New bike time!

So while that ass String puts on multimedia interspeciesal extravaganzas (no, interspeciesal is not a bloody word, but then, neither is irregardless -which I hear daily), It takes me all day to get pictures to bloody show up. Dammit! However, I now have it all figgered out.

Well, the big announcement today is that the new ride is finished and has been delivered to the fleet.

badge

Please note the matching braided cable there. Thank you.

So here’s skinny:

The platform is IRO Cycles’ lovely Angus frame. Just imagine a Soma Rush with a threaded headset. Originally, she was to be a veritable spread of ooh-ooh parts, but as the budget mushroomed, tough decisions were made. Most notably, I cheaped out on the Hubs. Gone are the dreamed-of black Phil Woods, and here are the IRO hubs. They’re good hubs mind you, the same model as the Harris Cyclery hubs in fact. The other deep cut was the decision to replace the MKS track pedals with some good ol’ Wellgos. I had considered getting the Custom Nuevo Wides, but Mr. Pedalstrike scares me. A lot. This is a fixed-gear after all here.

By fixed gear, all you non-bikies, I mean that this thing does not coast. If the rear wheel is turning, so are the pedals. That’s all there is to it. Slowing is achieved by resisting the rotation of the pedals, and in an emergency/steep hill encounter, aided by a front brake. Many consider this the “purest” form of biking, but I find the sort of hierarchial thinking implied there unnecessary. I came to it as a result of years of curiousity and the lure of extraordinarily low maintenance. I’ve noodled about on some friends’ fixed gears and found it very strangely rapturous. So here we are.

Right then, so first off, this bugger is light.

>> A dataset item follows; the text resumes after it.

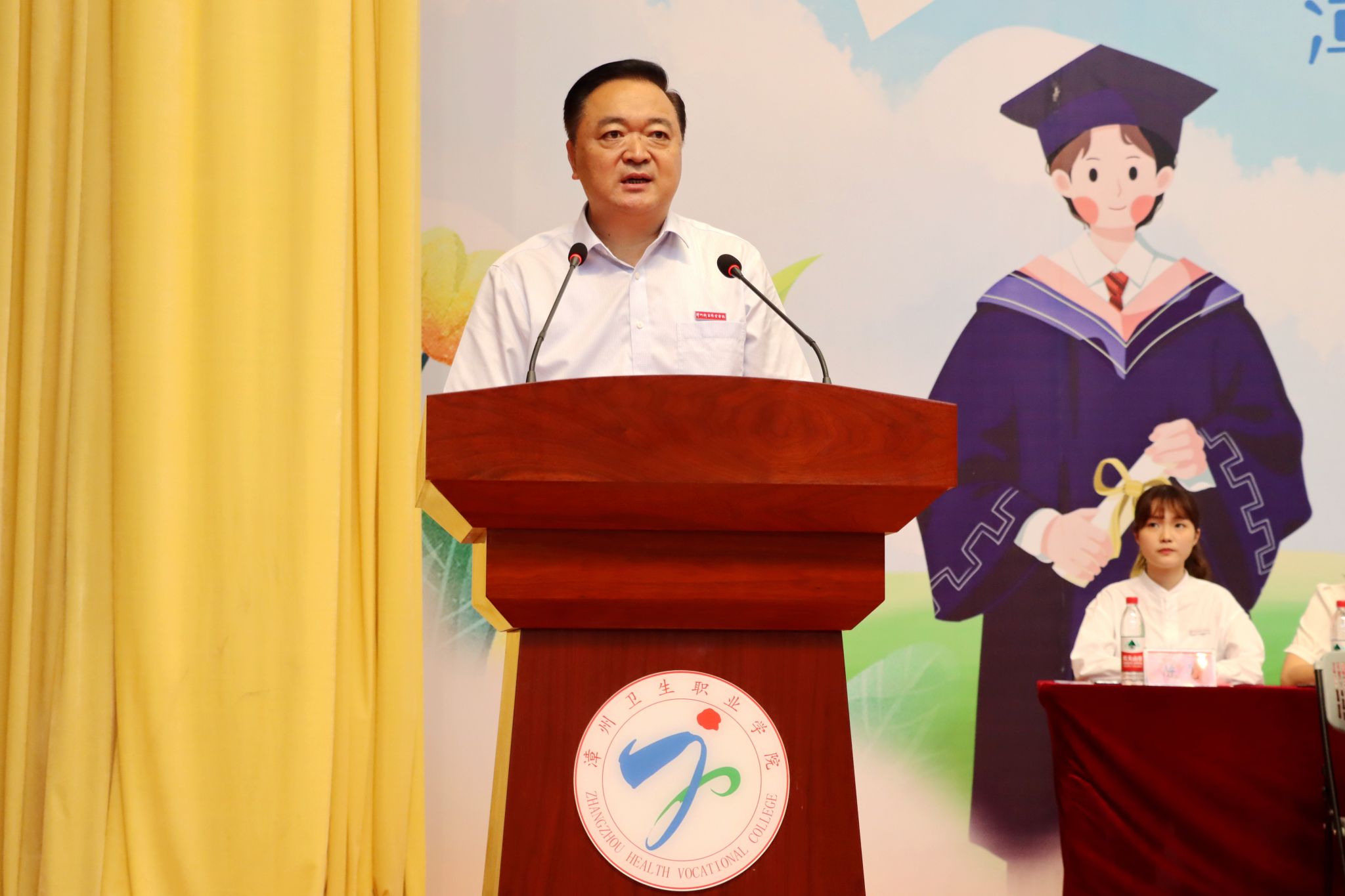 6月20日上午,漳州卫生职业学院2023届学生毕业典礼在体育艺术中心隆重举行。学校党委书记陈超、校长何坚、党委副书记黄乃光、纪委书记宋志海、副院长沈小美、副院长陈义三、副院长蔡韶滨,各处室(系部)领导、教师代表、辅导员代表和2023届全体毕业生参加。典礼由党委副书记黄乃光主持。

Compared to the long-suffering, steel-rimmed, junk-dangling, crap-tubed Norco, it’s liiiiight. I’ve not weighed it yet, but it’s at least three pounds lighter than my old Kona, and a good ten pounds lighter than the abovementioned beater. The first time I shouldered it to go up the stairs here at Fort Pri, I nearly began sobbing, as the horror my right shoulder has become so accostumed to never came.

Early missions out of The Shire headed to The Drive or the Isle of Gran have yielded both moments of unadulterated joy and periods of terror. As I’d said to Milktruck in an email a while back, fixed-gears are like little fascists; “Oh, you don’t want to pedal now? PEDAL NOW!” Momentary lapses in the pedalling motion, say to scratch you arm or adjust yourself on the saddle are responded to with an immediate and most unpleasant reminder. In severe cases you will be hauled off the thing and maimed, but this happens very, very rarely. I pedal almost all the time anyway, even while braking, so it’s been good so far.

Something that all will no doubt be amused by is the gear ratio I’m running over here. At pickup time, my bikeshop homies grinned and said, “Oh, the gear, well, you’re a heavy mileage logger, and it’s a flat city, sooo…” I knew then I was in trouble.
43/15.
Saving you the math, that’s just over eighty-three gear inches. That’s a fucking track gear. Basically y’all, the higher the gear, the faster you go and the more work it takes to get there and slow back down. The gear inches refer to how big the wheel would theoretically be if you had no gears at all, as in those direct-drive “high wheel” bikes of the last century. Conventional wisdom says that “safe” is around fifty-five to seventy-five inches for street riding. Eighty-three? Uhh…
Here, I’ll get away with it, but in Halifax or San Fran a gear that tall would KILL your ass. Going up the hills is fine, it’s going down them that holds all the potential carnage. But I’ve got my brake, and really, it’s madly high rpm spinning that would send me into a bloody heap first.

spello

Yes, that’s spelled wrong. But european languages are fucking hard when anata wa are Japanese ne? They make the best bars in the world, so be nice. And after all, that is how it’s pronounced.

cow butt

My rapidly aging ass is worth it. Plus the leather treatment process is a relaxing activity that smells good. How often can you say that?

bikecrib

Those bar ends are going to be naked until my Japanese grips arrive. And yes, that’s where they pay me to be all fucking day.

Now, how long before my first crash on this fine new machine? The ECIAD betting pool is on one month, at fifty bucks. Bastards.